Popular song's powerful and insistent, even relentless, quest for deeper knowledge has not, I feel, been sufficiently recognised. One thinks of, for example, "What becomes of the broken hearted?", "Why do fools fall in love?", and Donny Osmond's all-encompassingly thoughtful "Why?".
And now Professor Stephen Hawking has reminded me of the wisdom of that under-rated reggae performer-philosopher, Johnny Nash: "There are more questions than answers. And the more I find out the less I know. Yeah, the more I find out the less I know."
The professor, you see, having posed a pretty big question on the internet - "How can the human race survive the next hundred years? - has now posted this: "I don't know the answer."
As he is a professor, that's not quite true, of course.
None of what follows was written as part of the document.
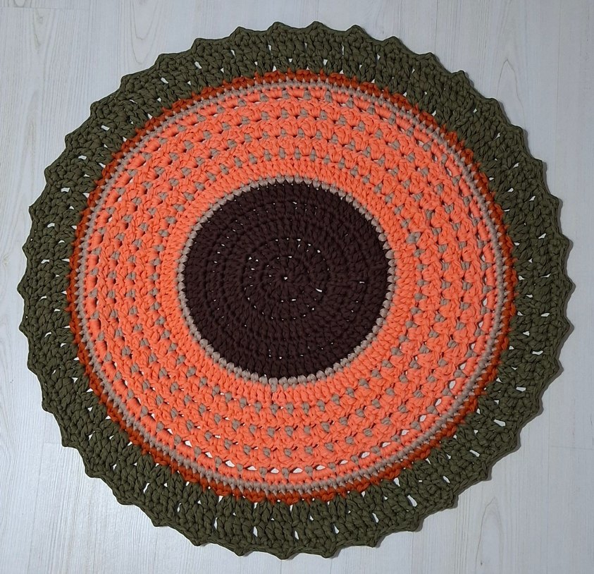 Bohem tarzda, koyu tonlarda çok renkli iplikten örülmüş yuvarlak halı. Dokulu yüzeyi mekâna sıcaklık katar. 85×85cm

He goes on to say that our future must be to spread out into space, but that this won't happen for at least 100 years; in the meantime, he suggests the best hope lies in genetic engineering that would make us "wise and less aggressive".
As you would expect, scientific solutions. But it seems to me that there might be other things that we can do which don't call for quite so much lab work, employing instead different kinds of imagination, targeting goals that would make life more of a positive, inspiring proposition. Remember, contentment and optimism are the motors that allow responsible behaviour to thrive.
Consider how much unsustainable activity that damages the health of both ourselves and the planet is done for consolation: the drink, the food, the long hot bath, all to make up for various disappointments.
So, clearly, we have to up the enjoyment in being green. Worthiness is not enough. For too long fun has been selfishly monopolised by excess. Planet saving needs more of the feelgood factor so brilliantly exploited by Bob Geldof, Bono and Richard Curtis in Live Aid and 8 and Comic Relief: help given, conscience displayed and appeased, he gets the chance to play "I Don't Like Mondays" to more than 47 people, we get the chance to be condescending about Dido: perfect. Well, apart from Dido, obviously.
So let's move away from the doom thing and make survival more of a giggle, starting with a pep-up to this government plan for home carbon audits. Stephen Fry, for example, might be persuaded to write The Lighter Side of Loft Insulation. We could have a quiz show, I'm Sorry I Haven't A Solar Panel, Ant and Dec could pay surprise visits to check on household equipment energy saving, Stand By For a Good Kicking, and I can see a terrific family sitcom with the same theme, Not Remotely Funny, with something, hopefully, for Dame Judi and a cheeky teenager with glasses.
There's been quite a bit of resistance to David Cameron putting a wind turbine on his house, hasn't there? But what if they played a merry tune, or made farting noises? In connection with which, I was intrigued to see that Professor Hawking was recently spotted at a folk festival, so perhaps the answer is blowing in the wind, after all.
Other thoughts for centennial survival? Plenty. Persuade George Bush's daughters not to go into politics. Make the Bishop of London Air Vice Marshal and chief of the defence staff. Put Monty Panesar in charge of asteroid interception. Get the North Koreans to hand over their nuclear programme to the firm that's building Wembley. Iran might think about Sven Goran Eriksson for theirs. The Home Office could advise China on economic development. And the Prime Minister could go on holiday.
Beware of seasonal flashpoints
My monitoring of top seasonal stories continues. No sign of sheep rolling over cattlegrids yet; a slight fauna shortage, in fact, apart from the woman bitten by a squirrel in Swindon, three Bigfoot sightings in Oklahoma, and, of course, the guard dog, left, that ate Elvis's teddy bear in Somerset. Still, we have had the World Santa Claus Convention in Copenhagen, vegetables - Tesco are introducing a square melon - and a UFO sighting outside Sunderland.
I was also excited by a neighbour flashpoint new to me - wind chime rage - but the hot action has been, as you would expect, at the seaside, with an "X-Factor-style" contest for donkeys (won last year by Nosey from Paignton), and the first Man Traps Testicles in Deckchair story, complete with traditional opening: "A Croatian man got a nasty surprise when ..."
Take care out there.
* Having mentioned recently that the smallest pub in Britain is The Nutshell in Bury St Edmunds, I must tell you that the title has now been claimed by The Signal Box (which is what it was), eight feet square, Cleethorpes. Still, I maintain that The Nutshell (15 by 7 and a half) is the smallest funniest pub in Britain, as it has a sign welcoming coach parties.
Health experts, meanwhile, are divided over this move to smaller pubs. Although it will discourage big drinkers, there remain clear issues with the newly identified problem of erect imbibing (the so- called "vertical drinking") and its dread consequence, yes, indeed, another one, I'm afraid: jostle rage.
My view, as a fan of intimate spaces, is that friction is easily avoided if you drink when the barman shouts "now!" and there aren't too many lefthanders in. I should also, as a rule, avoid karaoke night. Cheers.